Instructions for the task
Please copy the data below exactly; none of the pictures in it belong in the copy.
:: Record set
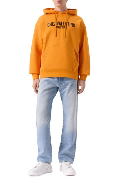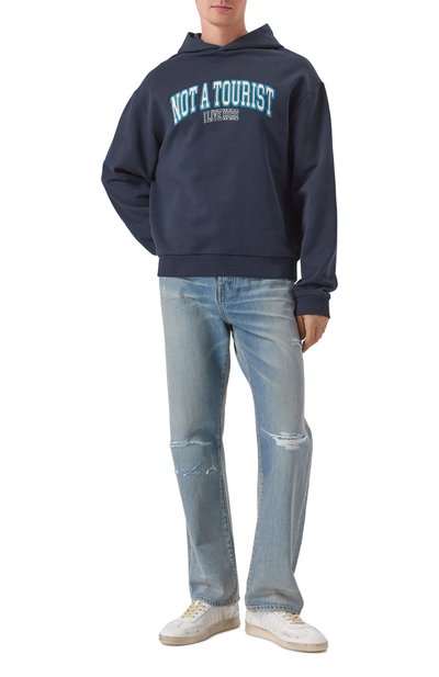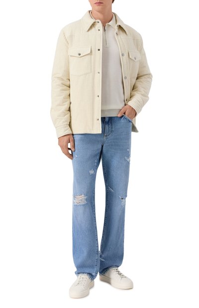 Выбеленные джинсы с фирменной нашивкой сзади декорировали потертостями и разрезом в области колена. Брюки с пятью карманами сшили из эластичного денима на основе органического хлопка.
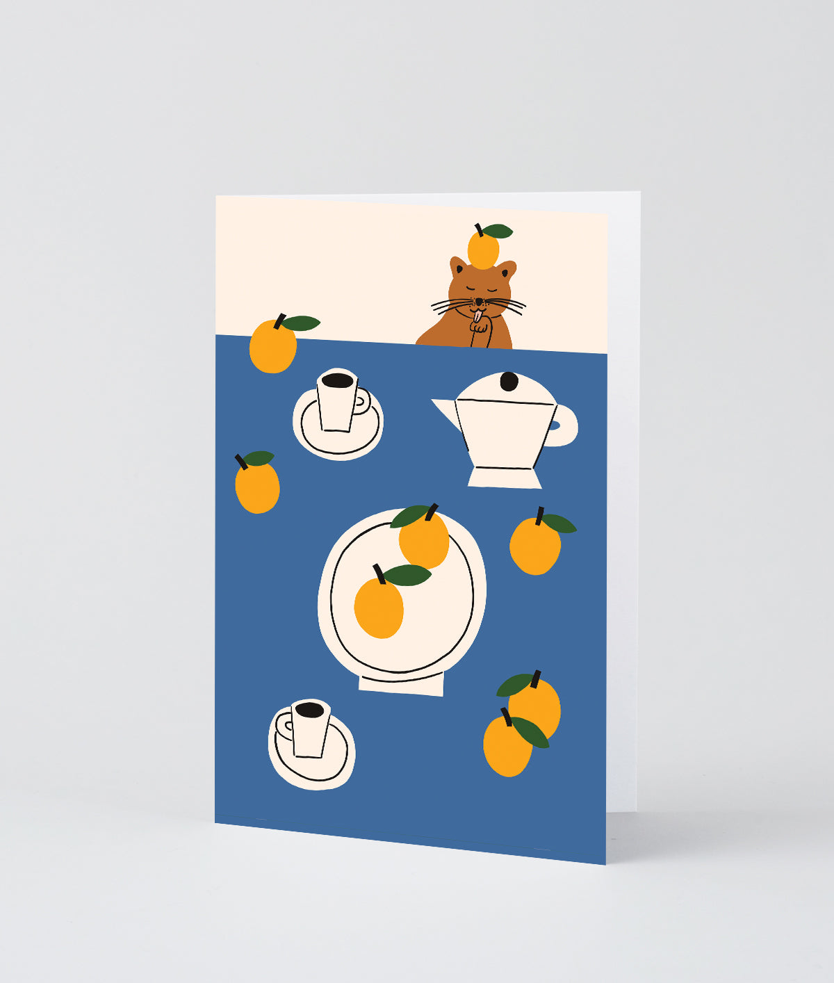 The perfect blend of coffee, cats and vitamin C, this charming digitally drawn art card by Swedish illustrator Karl-Joel Larsson.
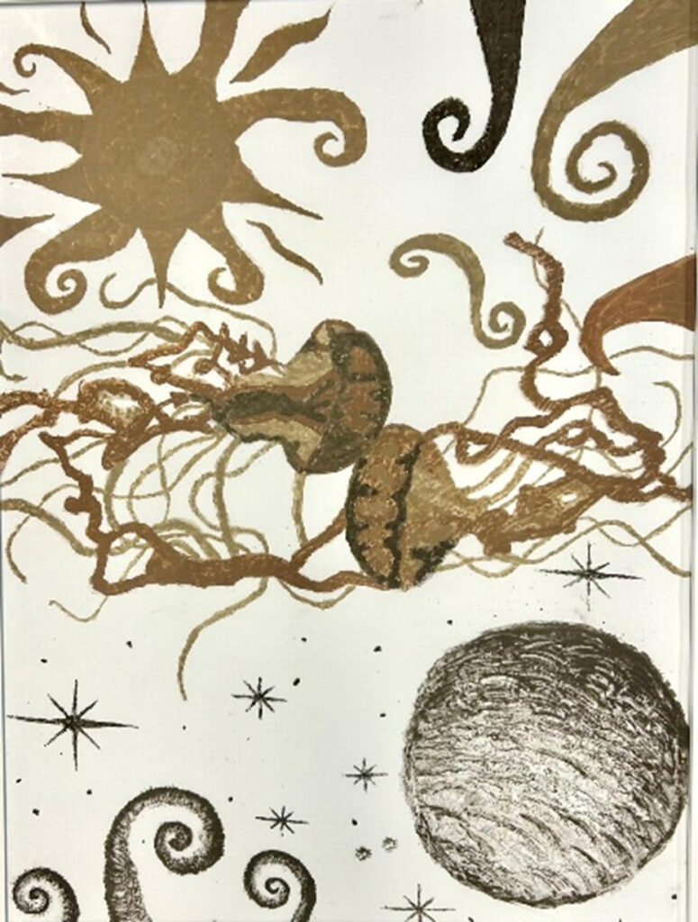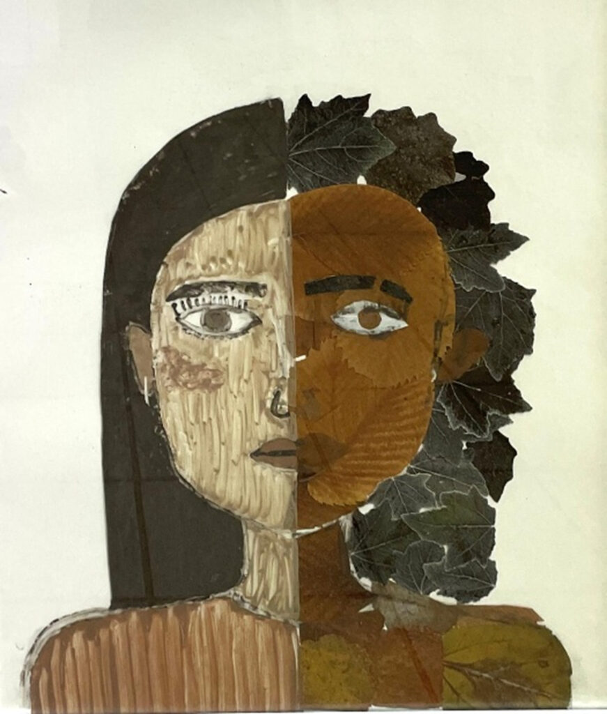 Wir haben ein Porträt gestaltet, bei dem wir Naturmaterialien kreativ eingesetzt haben. Eine Hälfte des Gesichts besteht aus echten Laubblättern, die die Lebendigkeit und Vielfalt der Natur darstellen, die andere Hälfte wurde mit Erde gemalt und symbolisiert die Verbindung zur Herkunft und zum Boden. Durch diese Kombination wollten wir den Gegensatz und zugleich die Einheit von Erde und Leben zeigen. Unser Werk trägt den Titel „Zwischen Erde und Leben“, da es genau diese Verbindung sichtbar macht.
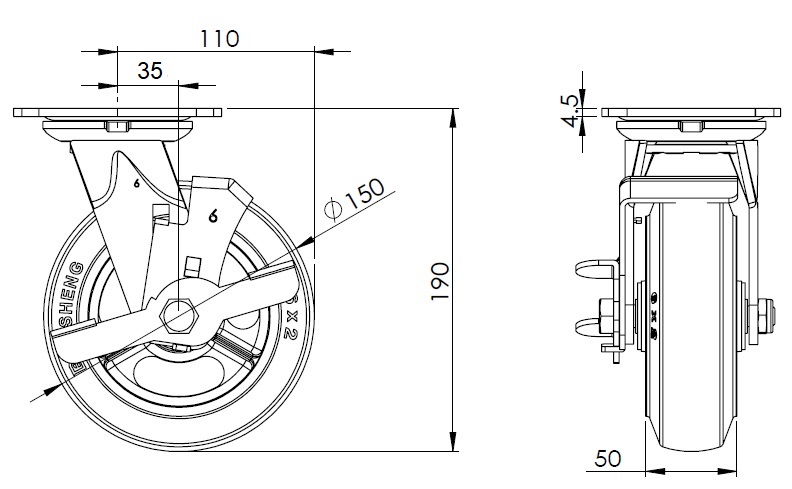 Rubber (black) Wheel Diameter × Wheel Width 150 x 50mm |
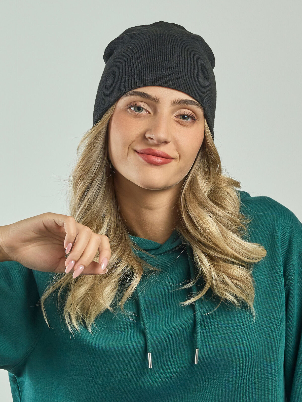 100% recycled polyester yarn. Beanie, recycled polyester, double layer. Comfortable beanie in recycled polyester yarn. Double layer and circular machine finish. Soft hand feel for outdoor activities and everyday use. Weight: 60g. Removable label.
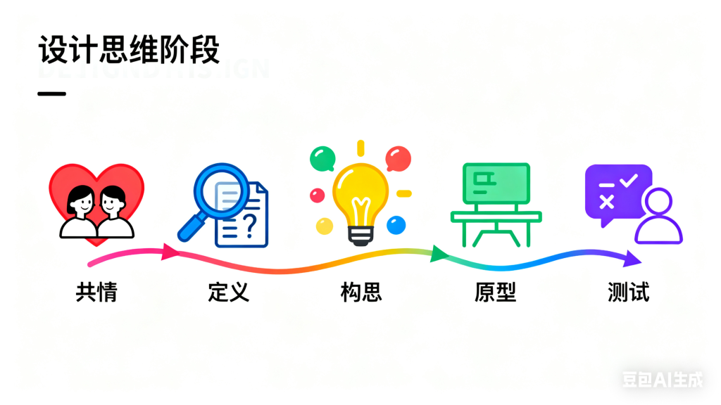 以下是斯坦福 d.school 提出的五阶段模型,结合案例说明每个环节的实践方法:
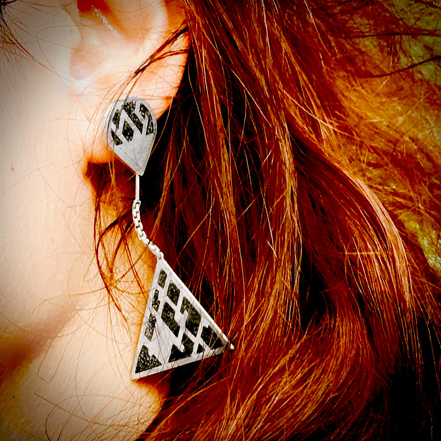 Earrings shaped as pyramids, their structure inspired by the bracing of traditional timber frameworks. Handcrafted as bespoke creations, they unite architectural clarity with delicate lightness. An exceptional jewel that transforms construction into elegance.
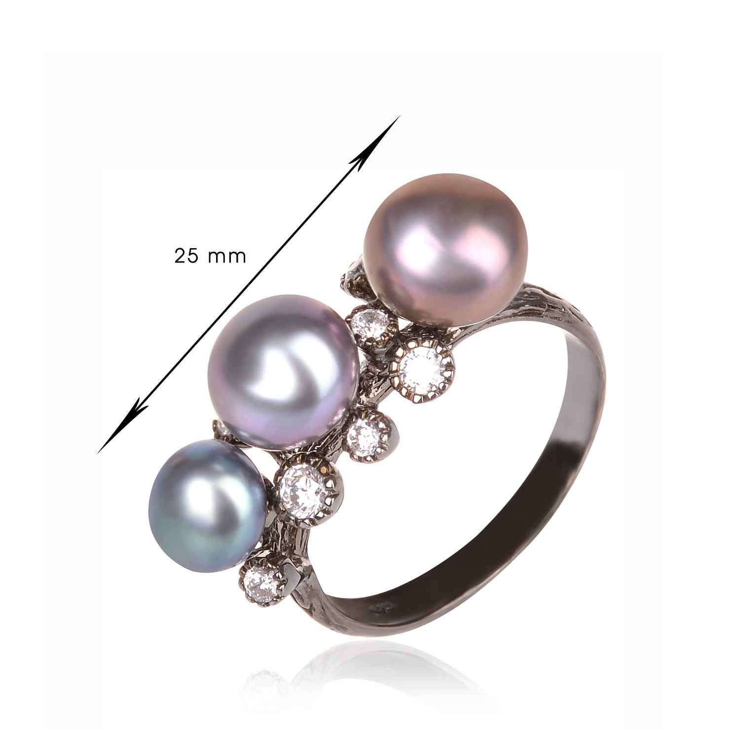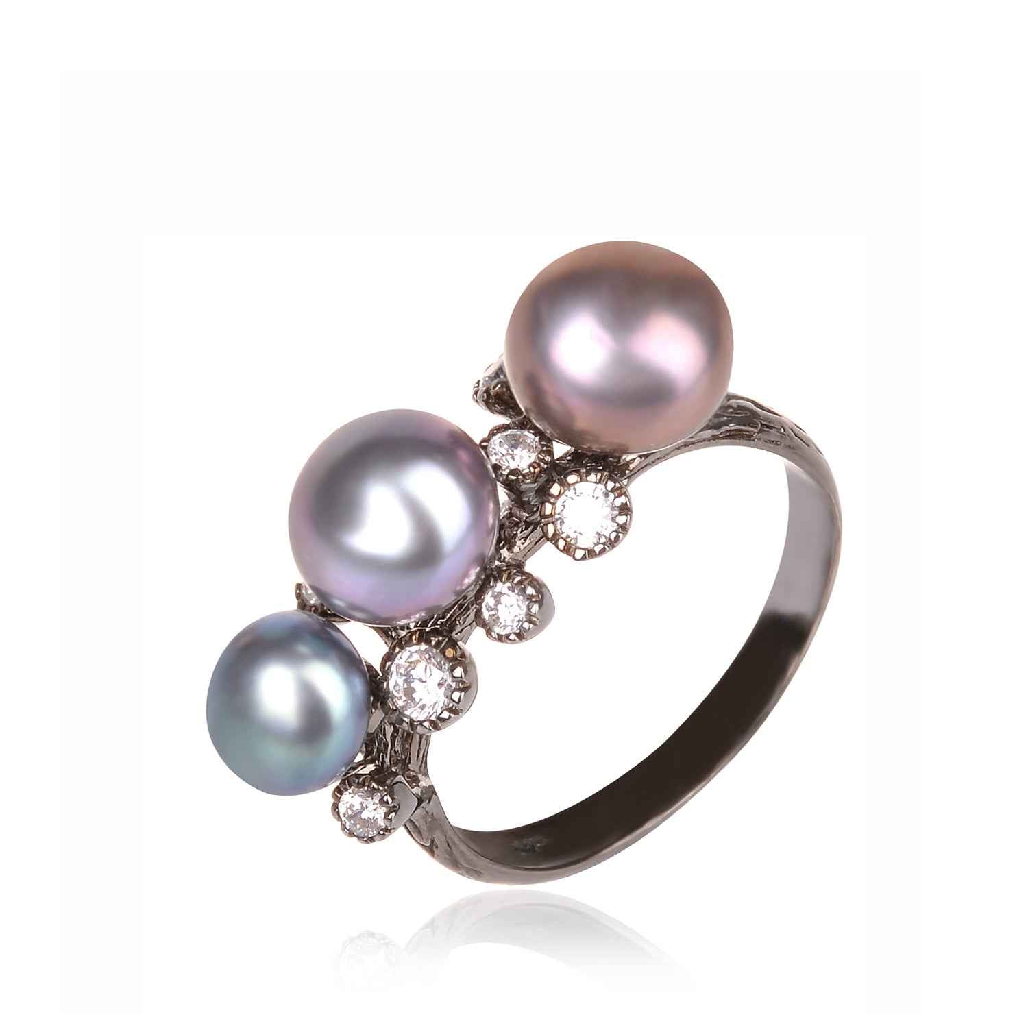 Сребърен пръстен с покритие от черен родий, черни перли и цирконии.
::::
Exercise response
 Выбеленные джинсы с фирменной нашивкой сзади декорировали потертостями и разрезом в области колена. Брюки с пятью карманами сшили из эластичного денима на основе органического хлопка.
 The perfect blend of coffee, cats and vitamin C, this charming digitally drawn art card by Swedish illustrator Karl-Joel Larsson.
 Wir haben ein Porträt gestaltet, bei dem wir Naturmaterialien kreativ eingesetzt haben. Eine Hälfte des Gesichts besteht aus echten Laubblättern, die die Lebendigkeit und Vielfalt der Natur darstellen, die andere Hälfte wurde mit Erde gemalt und symbolisiert die Verbindung zur Herkunft und zum Boden. Durch diese Kombination wollten wir den Gegensatz und zugleich die Einheit von Erde und Leben zeigen. Unser Werk trägt den Titel „Zwischen Erde und Leben“, da es genau diese Verbindung sichtbar macht.
 Rubber (black) Wheel Diameter × Wheel Width 150 x 50mm |
 100% recycled polyester yarn. Beanie, recycled polyester, double layer. Comfortable beanie in recycled polyester yarn. Double layer and circular machine finish. Soft hand feel for outdoor activities and everyday use. Weight: 60g. Removable label.
 以下是斯坦福 d.school 提出的五阶段模型,结合案例说明每个环节的实践方法:
 Earrings shaped as pyramids, their structure inspired by the bracing of traditional timber frameworks. Handcrafted as bespoke creations, they unite architectural clarity with delicate lightness. An exceptional jewel that transforms construction into elegance.
 Сребърен пръстен с покритие от черен родий, черни перли и цирконии.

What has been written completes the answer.